This book is candy. Meaning: it’s delicious, it’s got a nice texture, it makes my body respond quickly, and it’s probably ultimately really unhealthy for me. Nonetheless, I’m on a sugar high from it, so here are some screenshots with my thoughts.
We Always Idealize Tribal Life, but. . .
Much of the book revolves around “imagined realities,” meaning whatever social constructs people decide on that “keep the peace,” even if the peace is war or murder to other people. Imagined realities are the rules we all abide by. And, it’s not a conspiracy; it’s just how human society works—all animal societies, really. We all agree to stop at stop signs because that makes sense, but it might not make sense to someone from a different culture to stop at a sign when they can see and know damn well no one else is coming from any direction. The Aché just practice euthanasia at any point vs. just when someone is old or sick. Different strokes for different folkxs.
Evolution is Mysogynistic
Human brains got bigger and bigger and we walked more upright and more upright and that made it harder and harder to have kids—meaning, a lot of females died out of the gene pool just because their babies were born at later term or their hips were different. And that’s why human babies are like fetuses when they are born compared to horse babies which drop down to the ground and start walking soon after. . . We used to be like that. No commentary here, just interesting.

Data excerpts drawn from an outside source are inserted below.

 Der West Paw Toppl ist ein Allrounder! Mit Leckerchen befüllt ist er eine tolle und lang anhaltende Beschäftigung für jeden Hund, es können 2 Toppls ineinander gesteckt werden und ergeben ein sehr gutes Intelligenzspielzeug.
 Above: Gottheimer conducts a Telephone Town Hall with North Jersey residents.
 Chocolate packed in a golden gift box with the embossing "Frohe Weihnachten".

Eat Your Wheaties, Monkey Boy
Also interesting, the Agricultural Revolution is often told as some sort of mass revolution that changed the way people lived and ate overnight. But this story often gives humans a lot of agency in the matter, when in reality, cultures and language were in such early stages that it was more of an accident than an intentional revolution. Harari writes:
The sad story is that after this change came about, a few generations later humans found themselves in disease-ridden little villages toiling away on fields to feed the ever-growing population which made both the demands for food production and also the diseases increase. And, such is life, by the time any one person realized this maybe wasn’t the best decision for the human race, it was too hard to turn back.

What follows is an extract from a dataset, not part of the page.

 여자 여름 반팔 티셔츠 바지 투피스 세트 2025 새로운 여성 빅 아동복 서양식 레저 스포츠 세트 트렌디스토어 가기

And this sad truth slapped me across the face as I checked my phone’s 300 notifications and checked the status of all my smart home products and my mind spun with tons of ways to make money to support farmer’s market goods—the kind I could have mostly just meandered upon in the forest for free a few millennia ago. The agricultural revolution is one of a few huge reasons that it’s so expensive to eat well in this world—because it wasn’t “meant” to “work” this way.
The Bitter Buffalos
Another part I forgot to highlight was why there are no more mammoths and super-large mammals anymore. There used to be saber-tooth tigers and all sorts of behemoth animals roaming the planet; what happened? Well, bigger bodies meant longer gestation. And with greedy sapiens running around everywhere with sharpened spears, the math didn’t work out. Too many big animals were killed they couldn’t keep up with the pace and died out. The order of Earth had been disrupted, and only (some) smaller mammals could reproduce quickly enough to not be made extinct.
Time is Non-Linear
One of the hugest takeaways from the book so far is the change that moving from forager to farmer made to our sense of time. Foragers didn’t think about the future much, they just keep moving, they couldn’t control their food supply like a farmer. Foragers trusted the Earth would provide. But sapiens kind of abandoned that trust when we started farming. Now we were time-traveling—farmers had to think seasons ahead to ensure they’d have food for their community. They had to do calculations about future stomachs and growing numbers of stomachs. Basically, it sounds like we became un-chill. Life got harder and more complicated (and continues to do so).
Let Us Compare Mythologies
For some reason, the analogy that came up for me was being at a stop sign on an abandoned country road and an empty intersection. Most of us would, at the very least, slow down as we passed the intersection. But this myth controls our bodies in contradiction to our immediate senses. We can drive through the stop sign without any real concern, but there would still be this momentary sensation that we have made a spiteful God mad. Even you atheists would feel this way.
Opiate of the People
Finally, a century before Karl Marx wrote that “religion is the opiate of the people,” Voltaire spoke.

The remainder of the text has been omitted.